Ces faits choquent l'avocate de deux témoins dont une victime présumée, Laura Santonino, "parce que les faits qui font l'objet de l'enquête sont particulièrement graves et que l'Etat a un devoir accru de protection parce qu'on parle d'élèves et notamment de jeunes filles".
Interviewée dans l'émission Forum, elle estime que l'Etat "se devait de faire entendre tous les témoins susceptibles de démontrer les agissements de l'enseignant sans concessions." Or à sa connaissance, tel n'a pas été le cas: "Des témoins importants n'ont pas été entendus", dit-elle.
Me Laura Santonino s'interroge sur la réelle volonté de l'Etat d'établir les faits, tout en ne pouvant affirmer un désir de protéger le professeur mis en cause. L'avocate dit craindre cependant "une enquête alibi."
De son côté, le Département de la formation et de la jeunesse (DFJ) se refuse à tout commentaire sur la procédure en cours.
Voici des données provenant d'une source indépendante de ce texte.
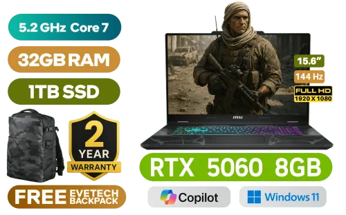 MSI Cyborg 15 B2RWFKG Intel® Core™ 7-240H up to 5.2GHz Processor, 24MB Cache, 10x Cores, 16x Threads / 32GB DDR5 RAM / 1TB Ultra-Fast NVMe SSD / 15.6" FHD (1920x1080) 144Hz IPS-Level Display / NVIDIA GeForce RTX 5060 8GB GDDR7 Dedicated Graphics / Windows 11 Home (64bit) / 720p HD Web Camera / Bluetooth 5.3 / Intel Wi-Fi 6E AX211 Wireless LAN / 2 x USB Type-A / 1 x USB Type-C (DisplayPort™/ Power Delivery 3.0) / 1 x HDMI / 1x RJ-45 / 1x Headphone and Microphone Combo Jack / 2x2w Speakers with DTS Audio / RGB Backlit Keyboard / 2 Years MSI Warranty / MSI Cyborg 15 B2RWFKG Intel® Core™ 7 RTX 5060 Gaming Laptop DealMSI Cyborg 15 B2RWFKG Intel® Core™ 7-240H up to 5.2GHz Processor, 24MB Cache, 10x Cores, 16x Threads / 32GB DDR5 RAM / 1TB Ultra-Fast NVMe SSD / 15.6" FHD (1920x1080) 144Hz IPS-Level Display / NVIDIA GeForce RTX 5060 8GB GDDR7 Dedicated Graphics / Windows 11 Home (64bit) / 720p HD Web Camera / Bluetooth 5.3 / Intel Wi-Fi 6E AX211 Wireless LAN / 2 x USB Type-A / 1 x USB Type-C (DisplayPort™/ Power Delivery 3.0) / 1 x HDMI / 1x RJ-45 / 1x Headphone and Microphone Combo Jack / 2x2w Speakers with DTS Audio / RGB Backlit Keyboard / 2 Years MSI Warranty / MSI Cyborg 15 B2RWFKG Intel® Core™ 7 RTX 5060 Gaming Laptop Deal [MSI-Cyborg-15-B2RWFKG-091ZA/32GB/1TB] / [+] GET FREE EVETECH DASH Premium Gaming Backpack+ FREE DELIVERY !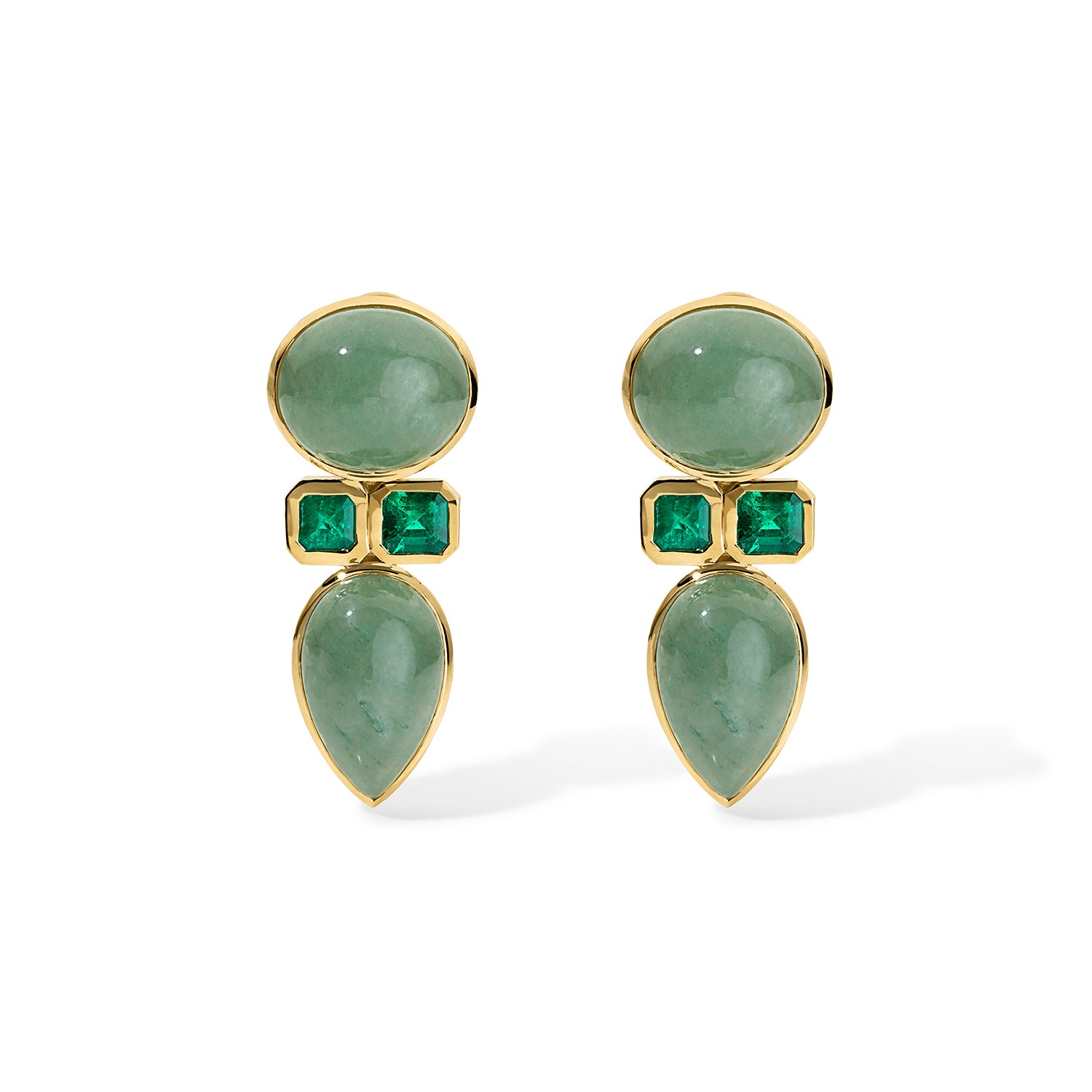 This one-of-a-kind pair features luminous green aventurine in complementary oval and pear silhouettes, bezel-set in warm 18-karat yellow gold. Vivid cushion-cut emeralds adds sharp contrast and structure, grounding the softness of the jade with brilliant intensity. The result is a sculptural silhouette that feels both timeless and unexpected.

Mais les témoins entendus poseraient aussi problème. L’une en particulier, également enseignante au collège de Saussure, convoquée pour attester - selon ses dires - des qualités professionnelles de l’accusé.
Conflit d'intérêts
Or, cette personne est également mandatée par le DFJ, au titre de présidente de la commission Egalité pour l’enseignement secondaire. Elle est même membre d’une cellule de veille sur le harcèlement sexuel.
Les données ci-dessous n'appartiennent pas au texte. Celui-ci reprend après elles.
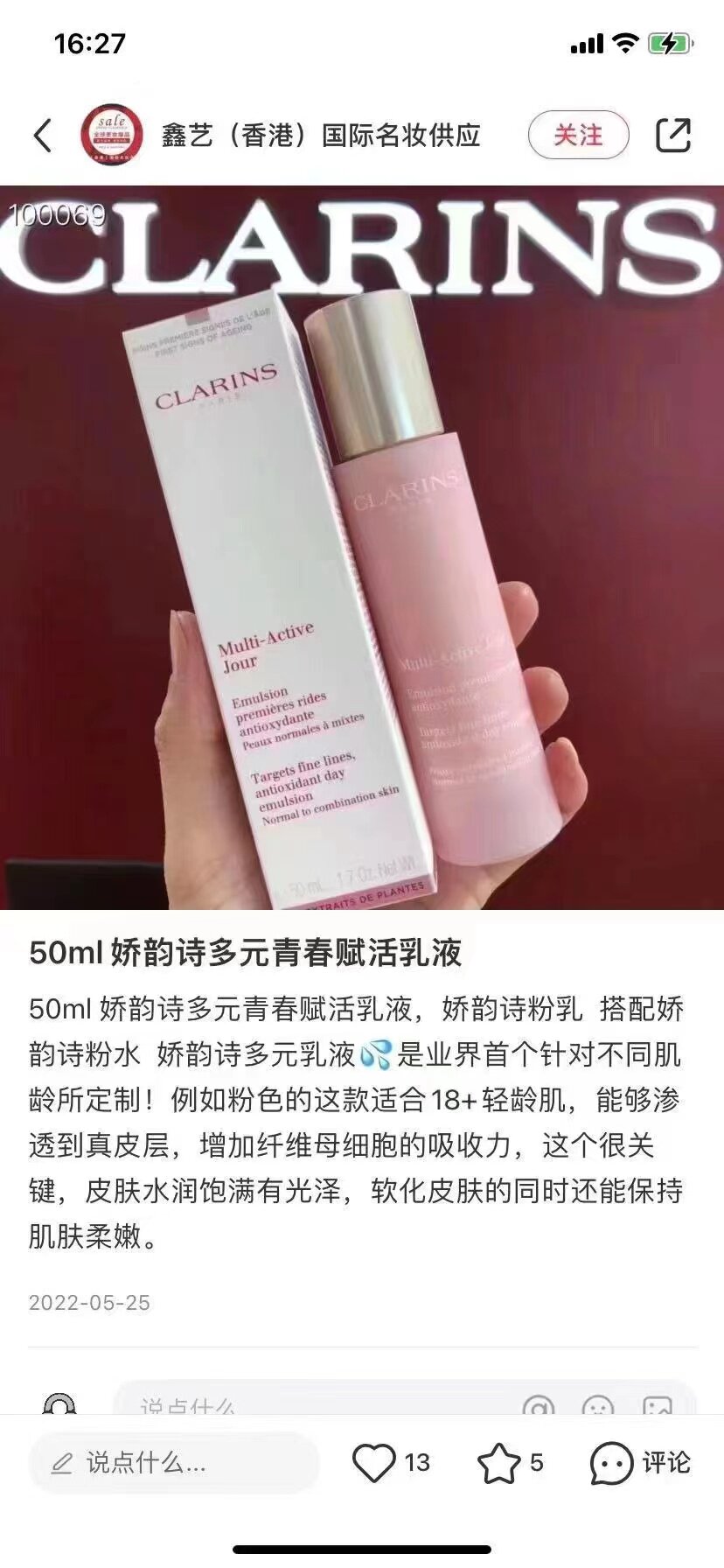Clarins, розовый увлажняющий лосьон, 50 мл

Le problème est identifié, si l’on en croit un document interne au Département datant de mars, que la RTS a pu consulter. Le directeur général de l'enseignement secondaire II y rapportait: "Il y a un paradoxe étrange, selon plusieurs de mes directeurs-trices, à défendre l’égalité dans une position institutionnelle, et, dans le même temps, à avoir une posture corporatiste en défendant un enseignant qui est accusé de harcèlement à caractère sexuel contre des jeunes filles (et qui a reconnu les faits en entretien de service)." "Que faire?", ajoutait-il.
Lettre au Conseil d'Etat
Interrogée, l’enseignante toujours mandatée conteste tout conflit d’intérêt.
Selon les informations de la RTS, le comité contre le harcèlement sexuel a adressé mardi une lettre au président du Conseil d’Etat notamment, s’inquiétant de l’absence de prise de décision dans cette enquête en contradiction avec la tolérance zéro promise récemment par la ministre en charge du DFJ Anne Emery-Torracinta. Jeudi, le Grand Conseil adoptait une résolution pointant du doigt le DFJ pour sa gestion des enquêtes de harcèlement.